** Opening RECORD SET block **

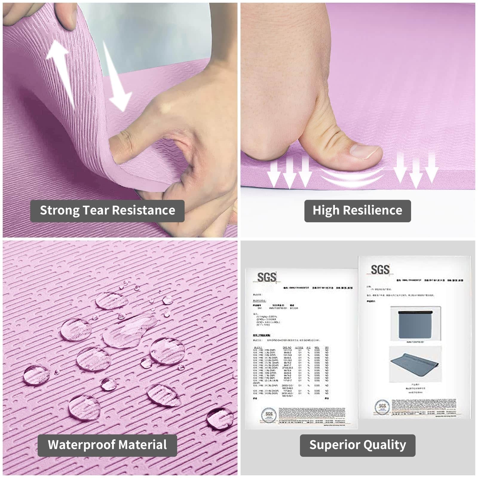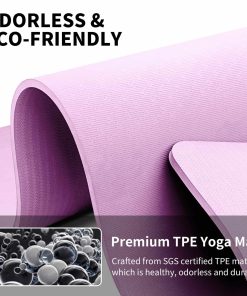 2. Material premium TPE: Nuestro tapete de yoga está hecho de material TPE certificado por SGS, que es saludable, inodoro, ecológico y reciclable. Tiene una larga vida útil debido a su alta elasticidad, resistencia al desgarro y la abrasión, a diferencia de los materiales tradicionales como el PVC y NBR.
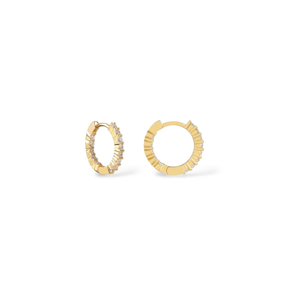 Aros en plata de ley 925 con baño dorado y detalle texturizado tipo rayos alrededor de toda la circunferencia. Incorporan circonitas en el frente para aportar brillo sutil y contraste con la estructura geométrica del diseño. Cierre tipo clic, seguro y cómodo para uso continuo. Tamaño medio, perfectos para elevar un look diario o complementar un styling más sofisticado. Acabado pulido de alto brillo.
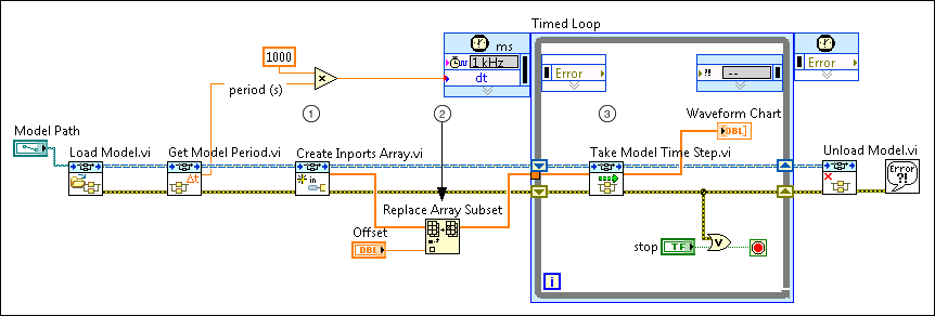 The Take Model Time Step VI requires you to pass an array of inport values to the VI. By creating this array outside the control loop that contains the Take Model Time Step VI, you preallocate the memory and avoid incurring data copies in the control loop, which can cause jitter while the model executes.
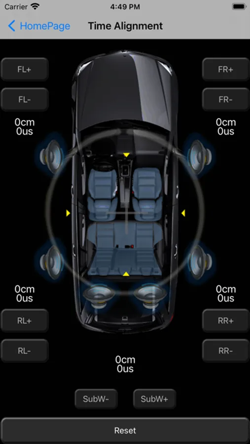 • Time Alignment in cm (0 – 230cm) for front, rear and subwoofer channel
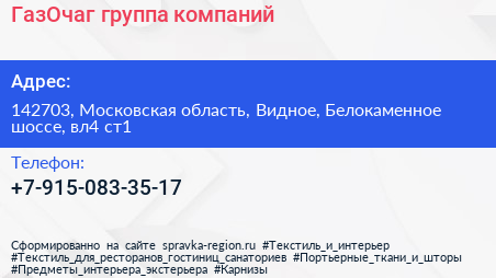 ГазОчаг, группа компаний по адресу 142703, Московская область, Видное, Белокаменное шоссе, вл4 ст1 в дальнейшем Организация, размещена в следующих категориях:
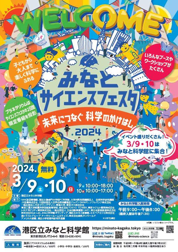 第3回目の実施となる今年のサイエンスフェスタでは、22の様々なジャンルの団体、公的機関が出展し、多目的ロビーに設置したブースでの展示、体験イベント、実験室を使った講座やワークショップ、講演会など、さまざまな視点で科学を楽しめる企画を展開し、1日中お楽しみいただけるイベントになっています。
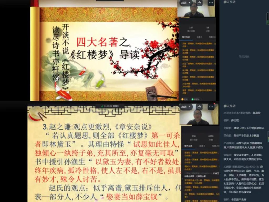 11月24日,为传承中国经典文化,加强文传学院书香文化建设,点点官网图书馆联合我院于线上共同举办了“郑商百家谈”第十六讲——四大名著之《红楼梦》导读活动。本次活动由贾海涛讲师带领同学们走进《红楼梦》,为同学们打造了一场别致的经典盛宴。
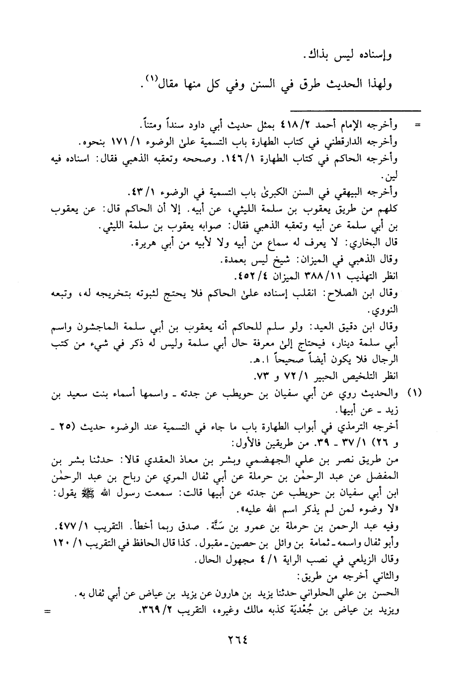 من طريق نصر بن علي الجهضمي وبشر بن معاذ العقدي قالا: حدثنا بشر بن المفضل عن عبد الرحمن بن حرملة عن أبي ثفال المري, عن رباح بن عبد الرحمن بن أبي سفيان بن حويطب, عن جدته عن أبيها قالت: سمعت رسول الله -صلى الله عليه وسلم- يقول: "لا وضوء لمن لم يذكر اسم الله عليه".
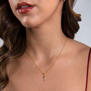 Conjunto Cruces. Engastado manual con circonitas cúbicas de diferentes colores. Acabado brillo chapado Oro 18 Klt. Pendientes cierre presión, Medidas 11 x 7 mm. Gargantilla con cadena Veneciana de cuatro caras de 1 mm y cierre reasa, medida 42 cm. Medida cruz colgante 14 x 9 mm.
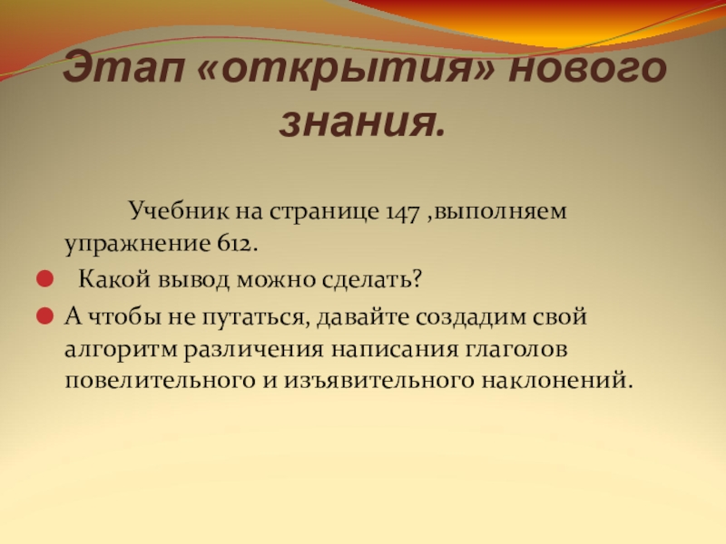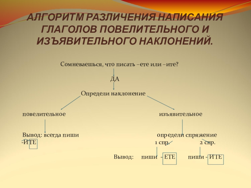 Слайд 10АЛГОРИТМ РАЗЛИЧЕНИЯ НАПИСАНИЯ ГЛАГОЛОВ ПОВЕЛИТЕЛЬНОГО И ИЗЪЯВИТЕЛЬНОГО НАКЛОНЕНИЙ.
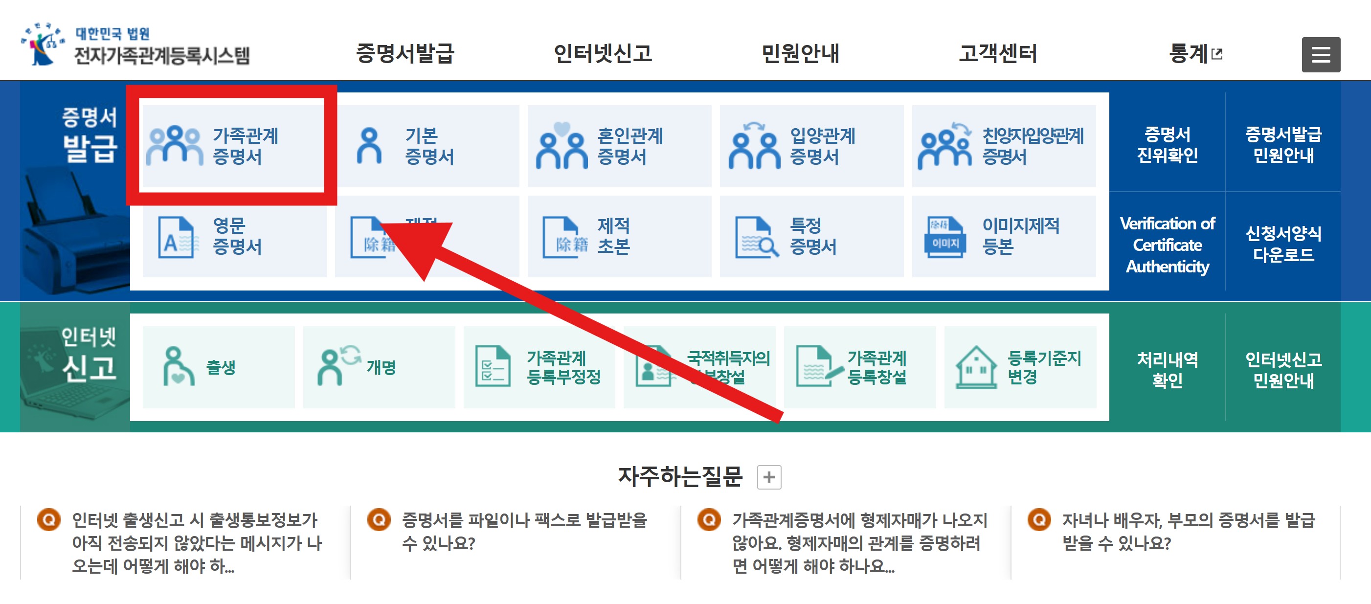 가족관계증명서 인터넷발급에서는
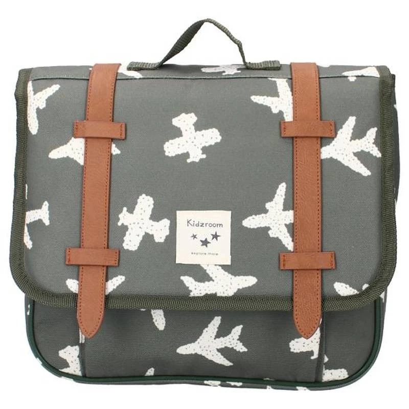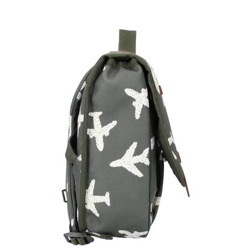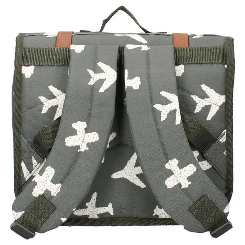 Le sac est de couleur vert armée et comporte un imprimé d’aéroplanes blancs sur toute sa surface.
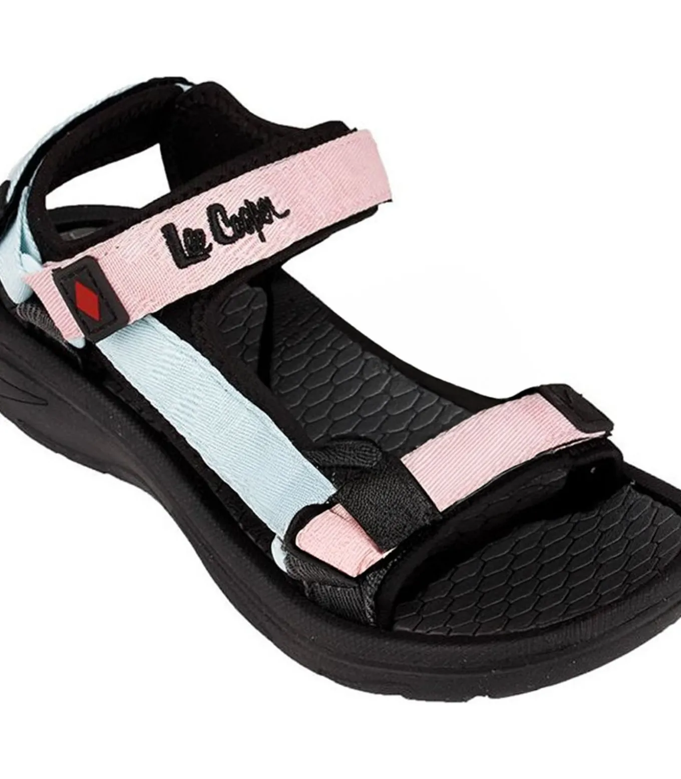 Lee Cooper–merk boodt u de logo’d donkerblauwe zandalen. Deze sandalen hebben een voorgevormd, geprofileerd en schokabsorberend binnenzool gemaakt van schuim. Het buitenzool bestaat uit rubber met profiel. Deze sandalen zijn rechtvlak. Hun ontwerp is in contrast met het logo. Ze hebben een 3 Touch Fastening band die verstelbaar is. Deze zandalen zijn duurzaam en lichtgewicht. Het binnenzool heeft antislip–eigenschappen.
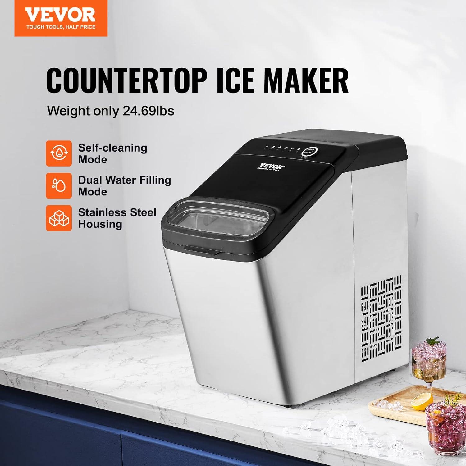 VEVOR Drop in Ice Chest, 24″L x 18″W x 13″H Stainless Steel Ice Cooler, Commercial Ice Bin with Sliding Cover, 40.9 qt Outdoor Kitchen Ice Bar, Drain-pipe and Drain Plug Included, for Cold Wine Beer(Silver+black)
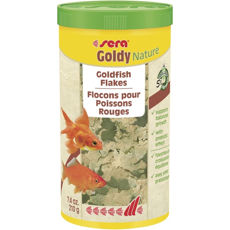 sera Goldy Nature is the staple food for smaller goldfish and their fancy variants such as shubunkin, veiltail or sarasa, as well as other coldwater fish, that does not require dyes and preservatives.
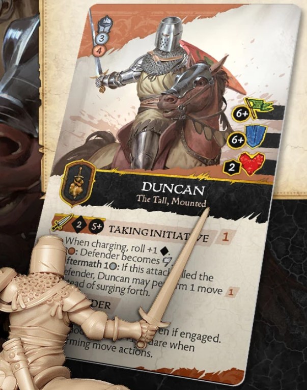 Credit: CMONRules Design - Between the Mounted and Foot variants of Duncan, the Foot version is the best one. You trade the mobility of the Mounted variant for a better combat and defensive ability. The Silver ability for combat that enforces a wound and a Routed condition after a Morale Test is incredibly strong and all players will be spending for that effect often. We can’t see what exactly the defensive ability does, but it gives Duncan multiple Aftermath abilities which could deter opponents from interacting with him giving Duncan more opportunities to utilise the powerful Melee Attack Action.

** Closing RECORD SET block **

EXERCISE AIM:
Only the lines starting at the one with "The Take Model Time Step VI requires" and ending at the one with "가족관계증명서 인터넷발급에서는" should be printed, each exactly as it appears in the material above; the pictures are to be omitted.

YOUR SOLUTION:
 The Take Model Time Step VI requires you to pass an array of inport values to the VI. By creating this array outside the control loop that contains the Take Model Time Step VI, you preallocate the memory and avoid incurring data copies in the control loop, which can cause jitter while the model executes.
 • Time Alignment in cm (0 – 230cm) for front, rear and subwoofer channel
 ГазОчаг, группа компаний по адресу 142703, Московская область, Видное, Белокаменное шоссе, вл4 ст1 в дальнейшем Организация, размещена в следующих категориях:
 第3回目の実施となる今年のサイエンスフェスタでは、22の様々なジャンルの団体、公的機関が出展し、多目的ロビーに設置したブースでの展示、体験イベント、実験室を使った講座やワークショップ、講演会など、さまざまな視点で科学を楽しめる企画を展開し、1日中お楽しみいただけるイベントになっています。
 11月24日,为传承中国经典文化,加强文传学院书香文化建设,点点官网图书馆联合我院于线上共同举办了“郑商百家谈”第十六讲——四大名著之《红楼梦》导读活动。本次活动由贾海涛讲师带领同学们走进《红楼梦》,为同学们打造了一场别致的经典盛宴。
 من طريق نصر بن علي الجهضمي وبشر بن معاذ العقدي قالا: حدثنا بشر بن المفضل عن عبد الرحمن بن حرملة عن أبي ثفال المري, عن رباح بن عبد الرحمن بن أبي سفيان بن حويطب, عن جدته عن أبيها قالت: سمعت رسول الله -صلى الله عليه وسلم- يقول: "لا وضوء لمن لم يذكر اسم الله عليه".
 Conjunto Cruces. Engastado manual con circonitas cúbicas de diferentes colores. Acabado brillo chapado Oro 18 Klt. Pendientes cierre presión, Medidas 11 x 7 mm. Gargantilla con cadena Veneciana de cuatro caras de 1 mm y cierre reasa, medida 42 cm. Medida cruz colgante 14 x 9 mm.
 Слайд 10АЛГОРИТМ РАЗЛИЧЕНИЯ НАПИСАНИЯ ГЛАГОЛОВ ПОВЕЛИТЕЛЬНОГО И ИЗЪЯВИТЕЛЬНОГО НАКЛОНЕНИЙ.
 가족관계증명서 인터넷발급에서는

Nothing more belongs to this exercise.